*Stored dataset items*

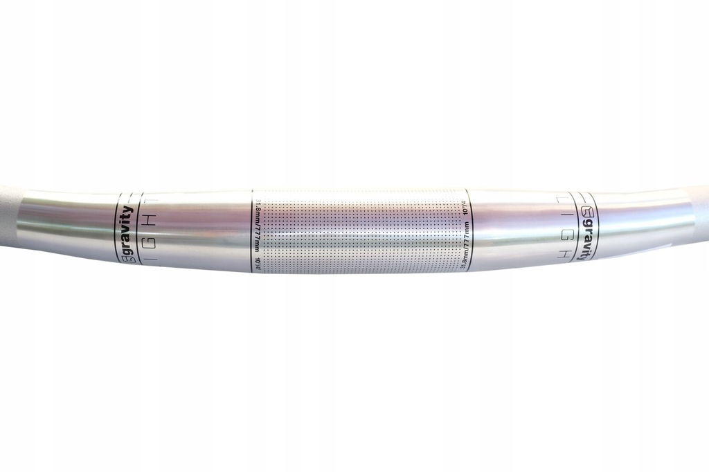 Lekka kierownica o wzniosie 5mm i długości 777mm, z podwójnie cieniowanego aluminium.
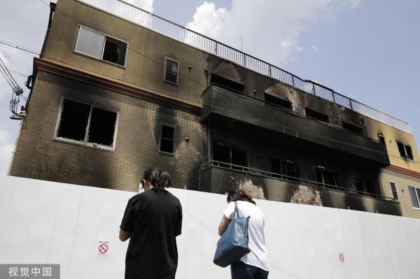 当地时间2019年7月23日,日本京都,京都动画工作室火灾现场。(视觉中国)
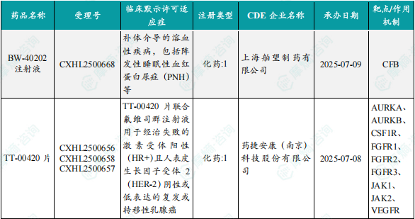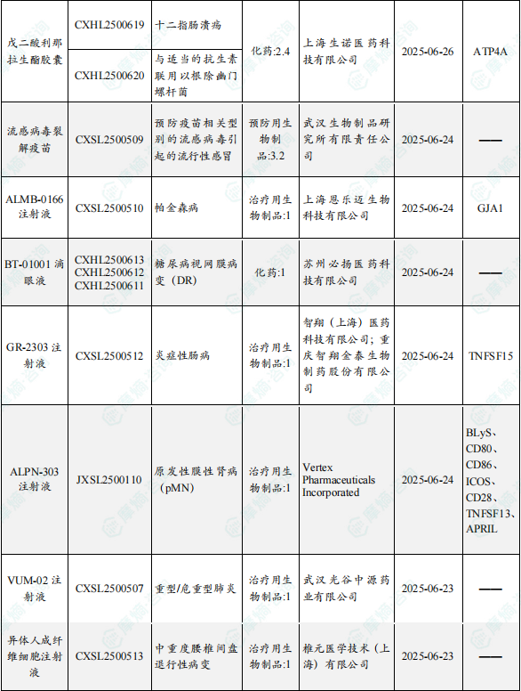 备注:(1)此处未包括补充申请之情形;(2)此处所列创新药/改良型新药,主要是指CDE受理批准的1类、2类、5.1类以及生物制品3.1类和3.2类。(3)更多获批临床信息及研发进展详情及相关靶点全局分析等,可通过摩熵中国药品审评数据库获取并下载EXCEL表格。
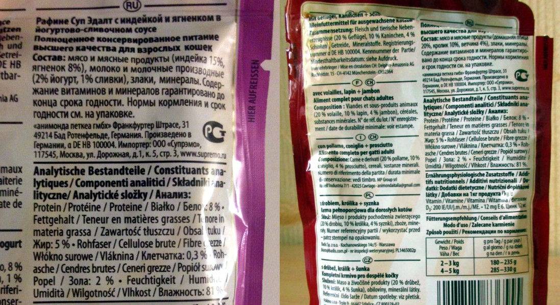Важным преимуществом корма, производимого компанией «Animonda Petfood GmbH», является то, что на каждой упаковке покупатель может найти достоверную информацию о его составе. Если корм содержит некоторое количество субпродуктов, об этом написано открыто, не таясь.
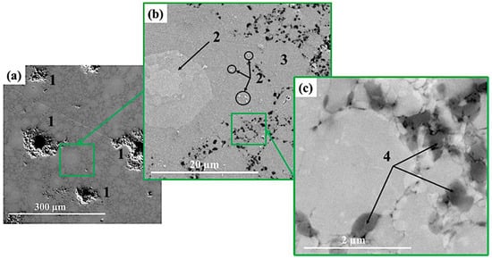 SEM image of materials obtained by MEAM-HP with subsequent sintering at 1100 ± 20 °C: × 550 (a), ×8300 (b), ×82 800 (c).
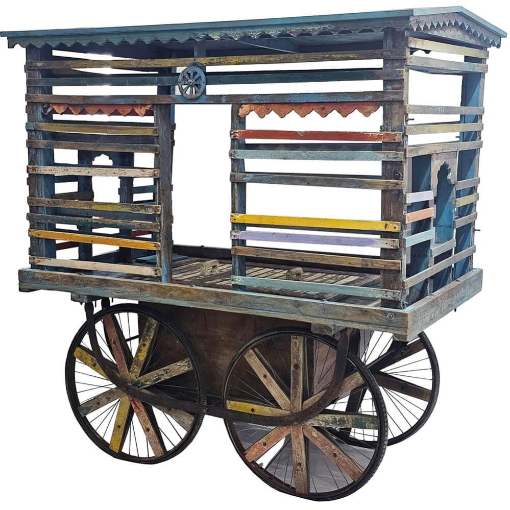 This old Indian ice cream cart is an authentic gem that exudes history and charm. The cart features wheels and a frame with rustic patina, while colorful details and worn wooden slats tell stories of its vibrant past on Indian streets. With its quirky design and character, it’s perfect as an eye-catching centerpiece in a shop or café. Use it as a decorative display cart or as a fun and unique detail that brings an exotic vibe to any space.

*YOUR TASK*
With the pictures omitted, print each line of the data above precisely as given.

*FINAL ANSWER*
 Lekka kierownica o wzniosie 5mm i długości 777mm, z podwójnie cieniowanego aluminium.
 当地时间2019年7月23日,日本京都,京都动画工作室火灾现场。(视觉中国)
 备注:(1)此处未包括补充申请之情形;(2)此处所列创新药/改良型新药,主要是指CDE受理批准的1类、2类、5.1类以及生物制品3.1类和3.2类。(3)更多获批临床信息及研发进展详情及相关靶点全局分析等,可通过摩熵中国药品审评数据库获取并下载EXCEL表格。
Важным преимуществом корма, производимого компанией «Animonda Petfood GmbH», является то, что на каждой упаковке покупатель может найти достоверную информацию о его составе. Если корм содержит некоторое количество субпродуктов, об этом написано открыто, не таясь.
 SEM image of materials obtained by MEAM-HP with subsequent sintering at 1100 ± 20 °C: × 550 (a), ×8300 (b), ×82 800 (c).
 This old Indian ice cream cart is an authentic gem that exudes history and charm. The cart features wheels and a frame with rustic patina, while colorful details and worn wooden slats tell stories of its vibrant past on Indian streets. With its quirky design and character, it’s perfect as an eye-catching centerpiece in a shop or café. Use it as a decorative display cart or as a fun and unique detail that brings an exotic vibe to any space.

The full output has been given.